As Providence would arrange it, before our pursuers turned the corner Mac took a hard right into the first alleyway between the neighborhood houses. The alley was L-shaped, so he made the second right, parked, and turned off the lights and motor. Mac whispered to us, “Okay, if they find us and things go bad, I’ll tell them when I said MHS I meant Monterey High School, not Midland High School. Sorry, that’s the best I can do.” Just then the Chevy boys rocketed past the alley and didn’t see us. We all sighed a chorus of relief and waited in silence longer than we had to before heading home. Larnie and I were disappointed in not getting that Burger Chef treat but were happy to be alive. I still don’t know how Mac explained the damaged Pontiac to his parents.
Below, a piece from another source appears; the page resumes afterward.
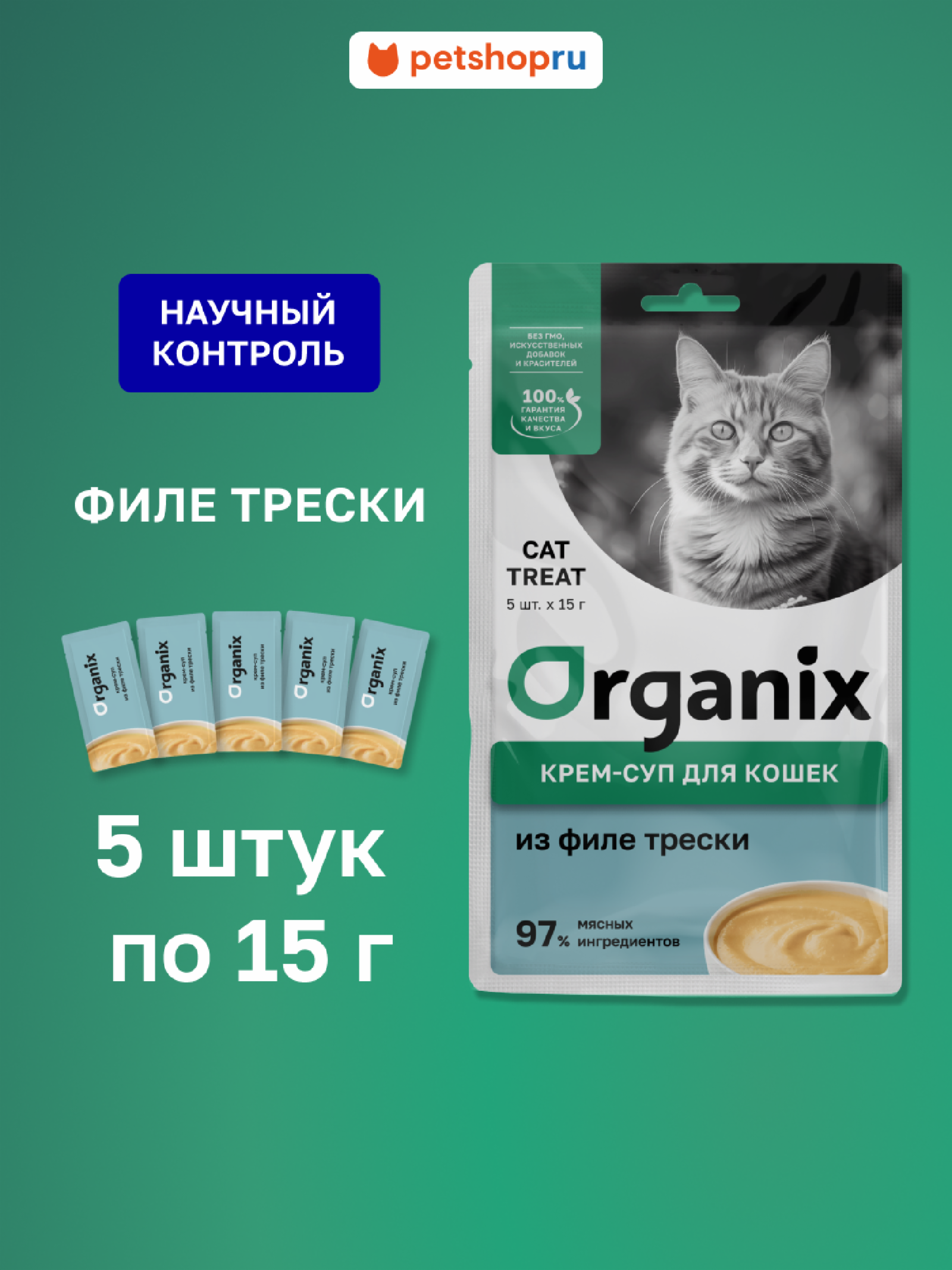 Π₯олистики Organix лакомства ΠšΡ€Π΅ΠΌ-суп для котят ΠΈ кошСк, ΠΈΠ· Ρ„ΠΈΠ»Π΅ трСски (5ΡˆΡ‚ x 15Π³Ρ€)

Maybe a little more than a comment.
Similar except 1956 Juniors in Withrow’s Flamed 51 Mercury (MHS art class). Jimmy, Gary Patterson, Larry Howell & Tommy Hoover? Cruising Yucca and Tower theaters, drinking beer imported from Odessa. Stopped by police for untimely discarding the empty cans in the street. Jailed, embarrassed when our folks bailed us out except for the designated driver Gary’s folks let him enjoy the facilities till the next day, He was the only one sober in the crew
I’ll bet the irony wasn’t lost on Gary!
We were always the victims never the bad guys.
I tried to wear a white hat.
Marvelous stories!
I’m so glad you liked them, Suzi. I sure enjoyed recounting them.